Книжник проверил уровень воды в баке и огорчился.
– Воды осталось на пару часов, если малым ходом, – сообщил он попутчикам, подбрасывая уголь в топку. – Если я ошибаюсь, то только в меньшую сторону. Мы здорово сэкономили, когда скатывались с горы, но, похоже, везение заканчивается. Придется нам покачать рычаги!
– Интересно, сколько еще миль до Оушена? – спросила Сибилла.
Книжник глянул на юг, по ходу движения поезда.
– Видите, на горизонте цвет неба меняется?
Там, где желто-коричневый стол пустыни сходился с голубым прозрачным небесным покрывалом, цвет действительно менялся – он становился гуще, набирал в себя синевы.
– Скорее всего, – сказал Книжник, – мы видим небо над Ойлбэем. Миль тридцать, не больше… Если посчитать, сколько мы с вами уже проехали, то это совсем рядом. Рукой подать…
– Слушай, – Бегун поскреб заросшую щеку, – не пойму, почему это зверье из племени Долины не спускалось на эту сторону Скайскрепера? Ведь идти недалеко! Ну, не дальше, чем от Парка до Стейшена! И по Рейле – это не рейд, а прогулка. Иди себе и любуйся видами!
Книжник задумался.
– Тут пустыня! Станций нет. Городов не видно. Что тут искать?

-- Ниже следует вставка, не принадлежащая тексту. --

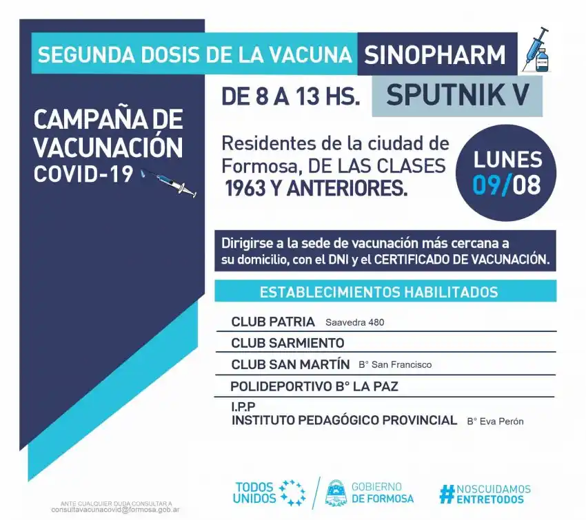 Este lunes 9 de agosto se aplicará la segunda dosis de la vacuna Sputnik V y Sinopharm a los residentes de la ciudad de Formosa, de las clases 1963 y anteriores.
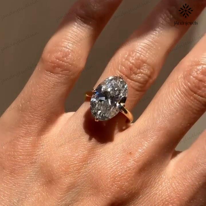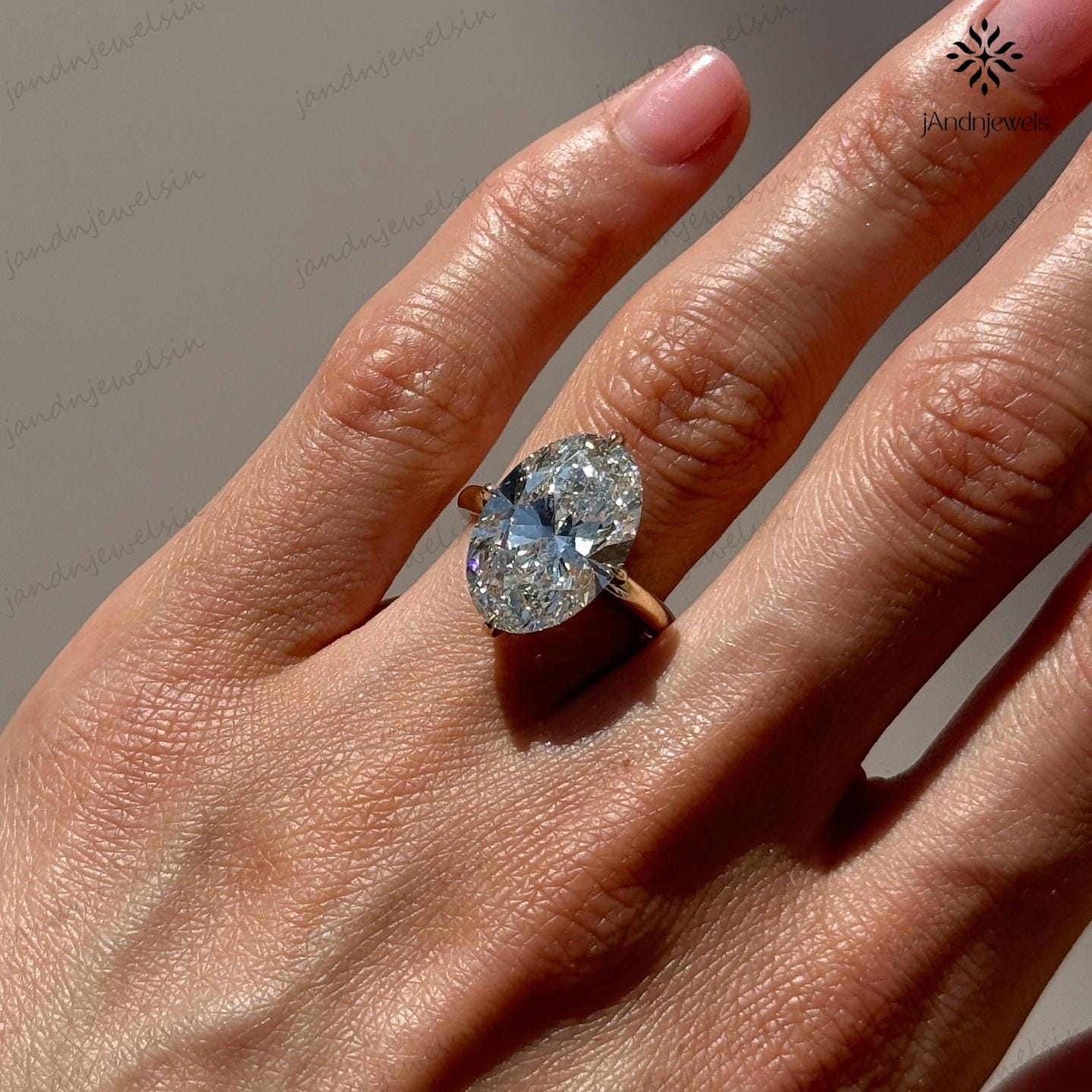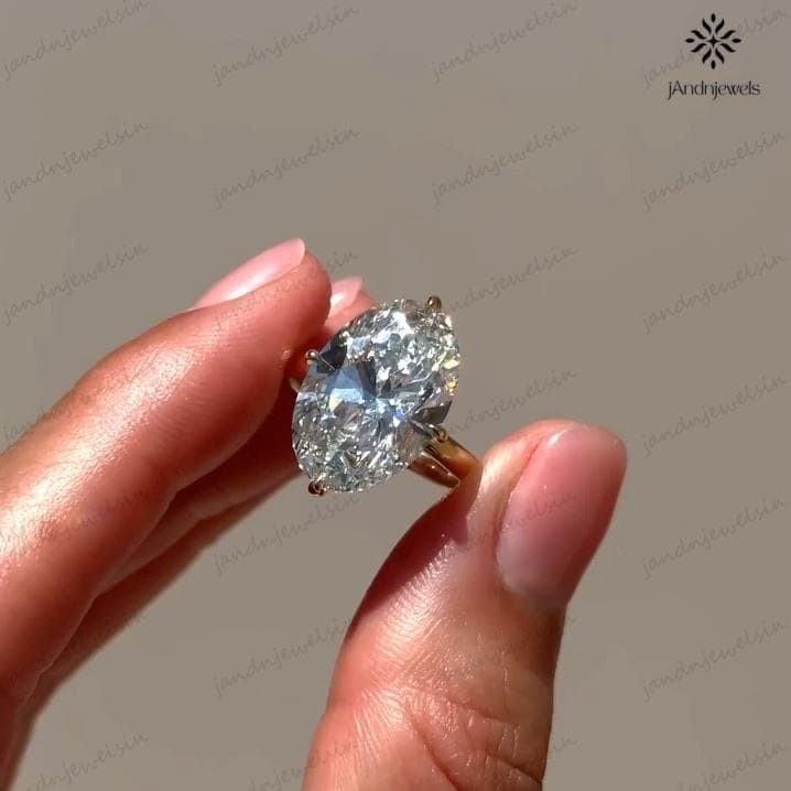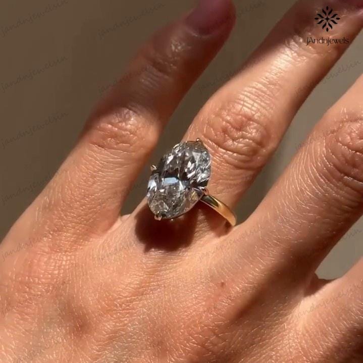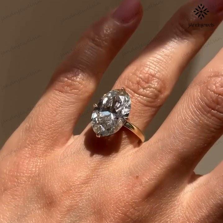 4 CT Oval Moissanite Engagement Ring 14K Yellow Gold Oval Solitaire Ring Large Diamond Ring Wedding Ring for Her Anniversary Gift For Women

– Ха! – скривился вождь. – Сам подумал, что сказал? Сколько тут той пустыни? Три… ну, четыре дня ходу! Три-четыре дня – и ты на побережье! Не может быть, чтобы возле Оушена не было городов! А где города – там ништяки! Ты видел их одежду? Да у нас такими тряпками герлы полы не моют!
– Значит, – кивнула Сибилла, – была у них причина сюда не ходить. Ты на это намекаешь, Бегун.
– Точняк, – Бегун сощурился от яркого солнечного света, прикрыл глаза козырьком ладони и огляделся вокруг. – Ничего не бывает просто так. Челы из Долины, конечно, конченые на всю голову, но не трусы. Кто угодно, но не трусы. И если они бздели сюда сунуться, то и нам надо ждать какой-то лажи.
– Держи, – Тим сунул ему в руки половинку бинокля.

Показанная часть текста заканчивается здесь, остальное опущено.